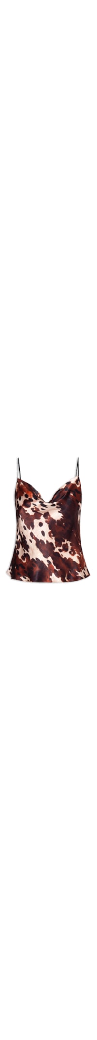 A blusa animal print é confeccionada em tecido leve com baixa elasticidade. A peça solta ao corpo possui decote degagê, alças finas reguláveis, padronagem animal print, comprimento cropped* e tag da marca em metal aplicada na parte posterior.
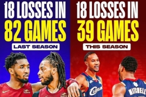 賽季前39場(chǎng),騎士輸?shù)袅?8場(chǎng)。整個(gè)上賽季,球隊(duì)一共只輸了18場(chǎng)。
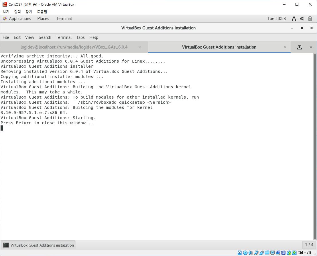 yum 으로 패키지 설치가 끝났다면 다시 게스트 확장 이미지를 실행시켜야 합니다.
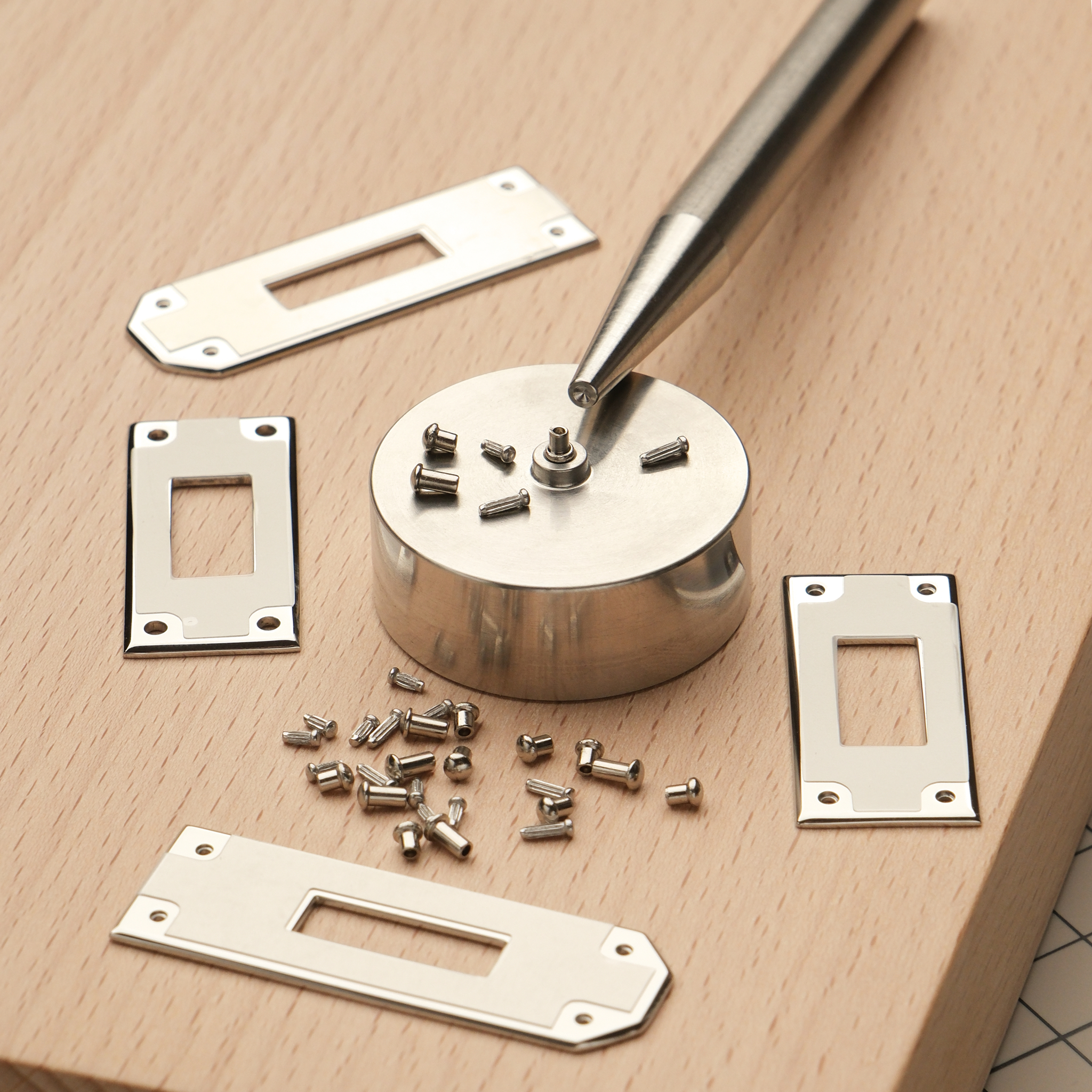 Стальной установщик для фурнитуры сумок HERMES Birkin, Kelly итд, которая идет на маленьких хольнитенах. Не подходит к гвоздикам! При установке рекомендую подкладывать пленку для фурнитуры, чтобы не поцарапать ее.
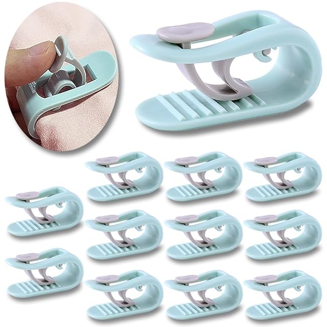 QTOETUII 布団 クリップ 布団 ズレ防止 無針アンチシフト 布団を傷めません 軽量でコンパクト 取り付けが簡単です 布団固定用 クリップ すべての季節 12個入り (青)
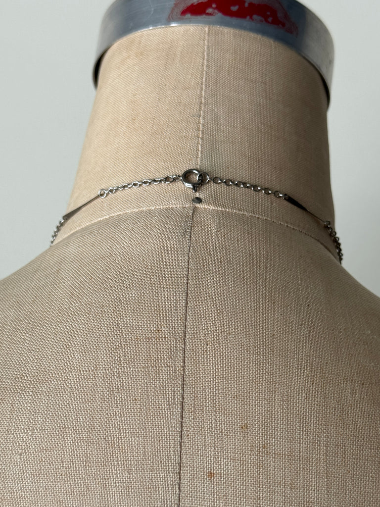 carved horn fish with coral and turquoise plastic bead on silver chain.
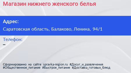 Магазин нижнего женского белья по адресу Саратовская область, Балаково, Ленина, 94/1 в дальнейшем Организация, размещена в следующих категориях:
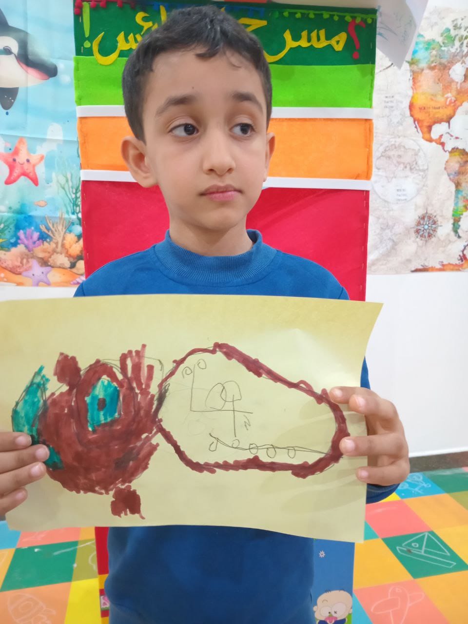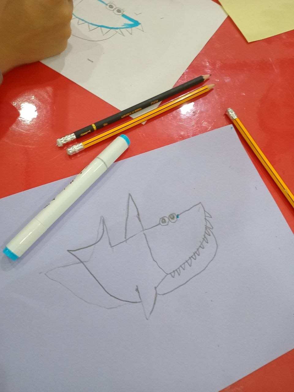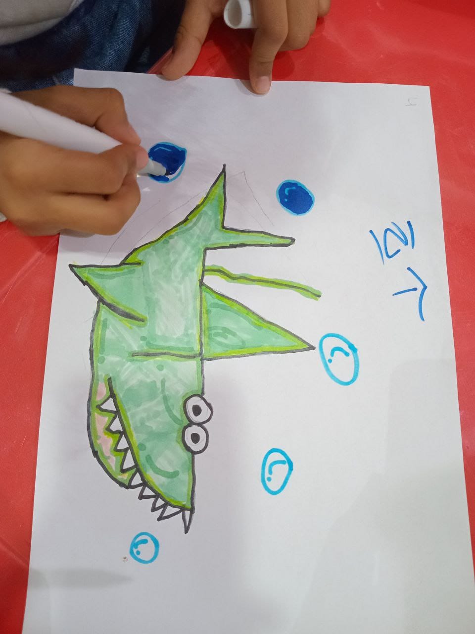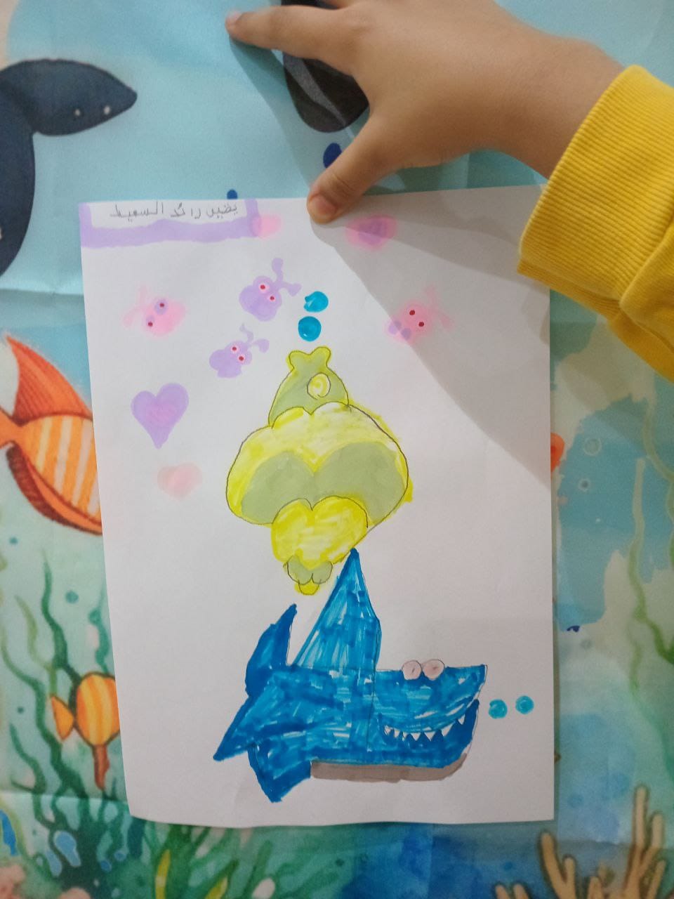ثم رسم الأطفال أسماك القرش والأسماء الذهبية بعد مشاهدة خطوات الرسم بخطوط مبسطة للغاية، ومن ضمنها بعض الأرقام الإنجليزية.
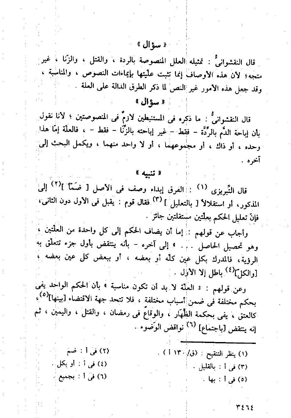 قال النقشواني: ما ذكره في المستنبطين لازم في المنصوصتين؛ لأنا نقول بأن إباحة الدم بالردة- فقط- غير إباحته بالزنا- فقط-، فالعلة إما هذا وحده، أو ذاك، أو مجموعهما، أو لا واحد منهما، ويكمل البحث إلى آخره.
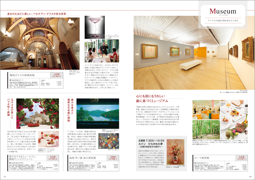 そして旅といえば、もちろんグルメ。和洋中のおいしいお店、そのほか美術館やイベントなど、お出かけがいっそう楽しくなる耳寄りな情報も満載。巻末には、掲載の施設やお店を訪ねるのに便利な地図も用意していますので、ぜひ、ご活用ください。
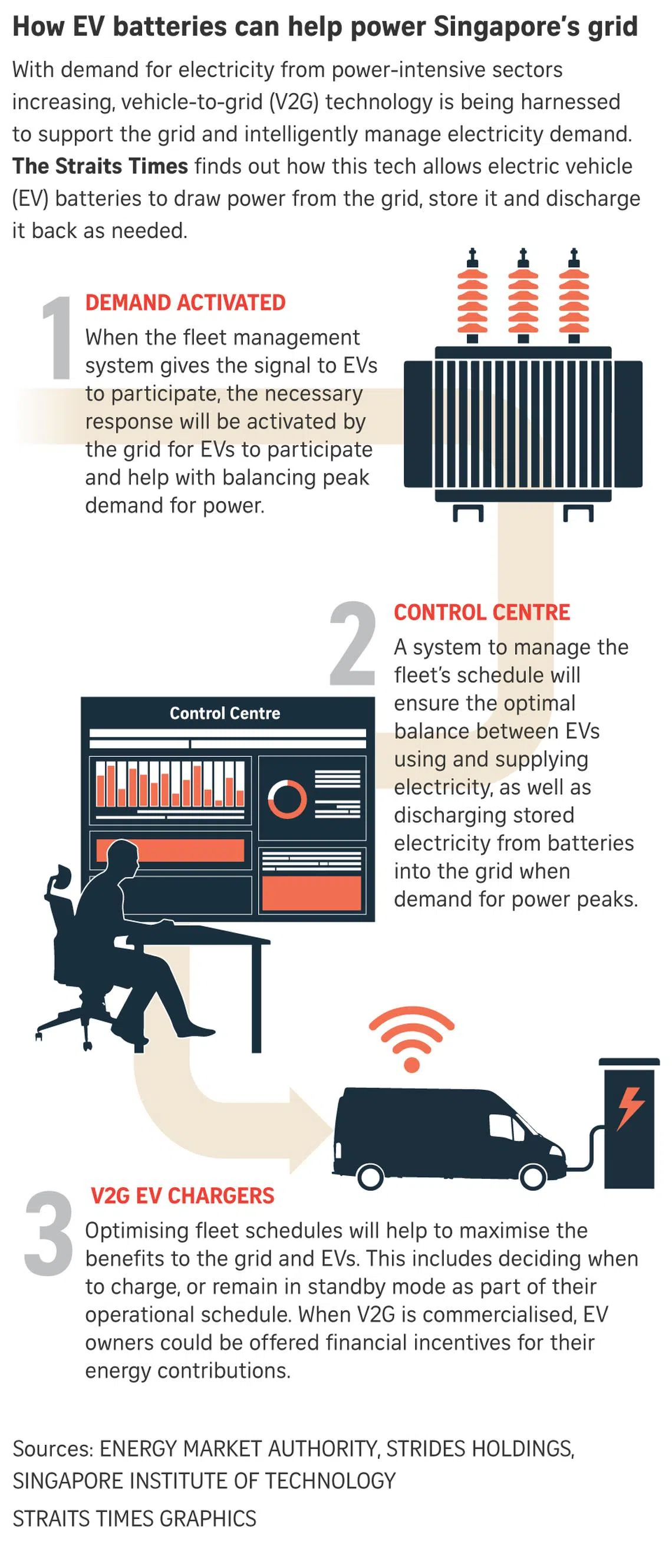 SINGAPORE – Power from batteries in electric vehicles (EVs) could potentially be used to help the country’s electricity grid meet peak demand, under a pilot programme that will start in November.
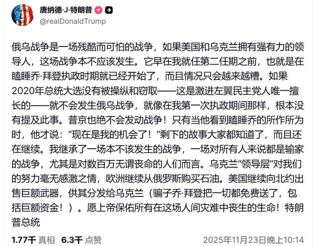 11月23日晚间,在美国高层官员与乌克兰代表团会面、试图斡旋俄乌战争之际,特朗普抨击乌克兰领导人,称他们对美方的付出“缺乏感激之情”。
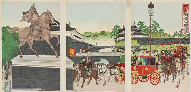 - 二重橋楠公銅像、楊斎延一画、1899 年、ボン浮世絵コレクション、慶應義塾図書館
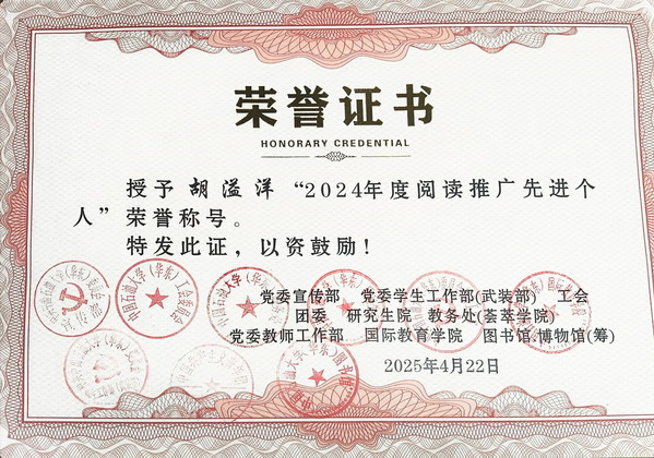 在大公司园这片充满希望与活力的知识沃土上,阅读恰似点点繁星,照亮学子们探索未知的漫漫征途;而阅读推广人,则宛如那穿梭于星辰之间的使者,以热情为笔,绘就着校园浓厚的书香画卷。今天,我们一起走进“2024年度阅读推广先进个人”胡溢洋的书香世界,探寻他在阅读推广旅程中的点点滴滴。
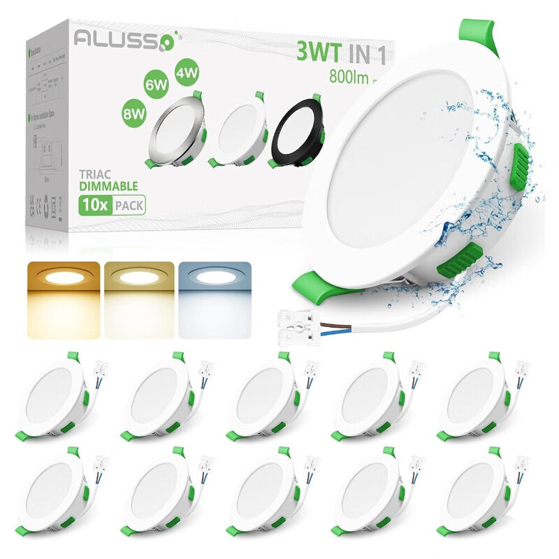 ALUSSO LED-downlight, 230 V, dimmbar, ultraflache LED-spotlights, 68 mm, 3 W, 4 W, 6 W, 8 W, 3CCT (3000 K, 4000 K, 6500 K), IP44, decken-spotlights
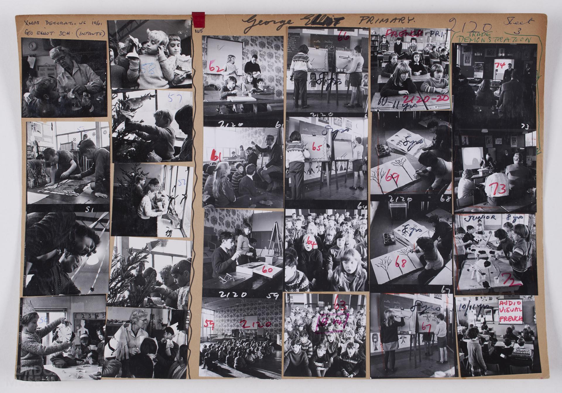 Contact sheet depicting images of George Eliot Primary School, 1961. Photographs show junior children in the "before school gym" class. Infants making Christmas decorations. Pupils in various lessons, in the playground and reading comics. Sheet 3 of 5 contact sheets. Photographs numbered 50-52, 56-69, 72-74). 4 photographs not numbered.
○ ○ ○
The task:
Give the lines from the one containing "在大公司园这片充满希望与活力" through the last line of the material again, exactly and with no pictures, both ends included.

Answer area:
 在大公司园这片充满希望与活力的知识沃土上,阅读恰似点点繁星,照亮学子们探索未知的漫漫征途;而阅读推广人,则宛如那穿梭于星辰之间的使者,以热情为笔,绘就着校园浓厚的书香画卷。今天,我们一起走进“2024年度阅读推广先进个人”胡溢洋的书香世界,探寻他在阅读推广旅程中的点点滴滴。
 ALUSSO LED-downlight, 230 V, dimmbar, ultraflache LED-spotlights, 68 mm, 3 W, 4 W, 6 W, 8 W, 3CCT (3000 K, 4000 K, 6500 K), IP44, decken-spotlights
 Contact sheet depicting images of George Eliot Primary School, 1961. Photographs show junior children in the "before school gym" class. Infants making Christmas decorations. Pupils in various lessons, in the playground and reading comics. Sheet 3 of 5 contact sheets. Photographs numbered 50-52, 56-69, 72-74). 4 photographs not numbered.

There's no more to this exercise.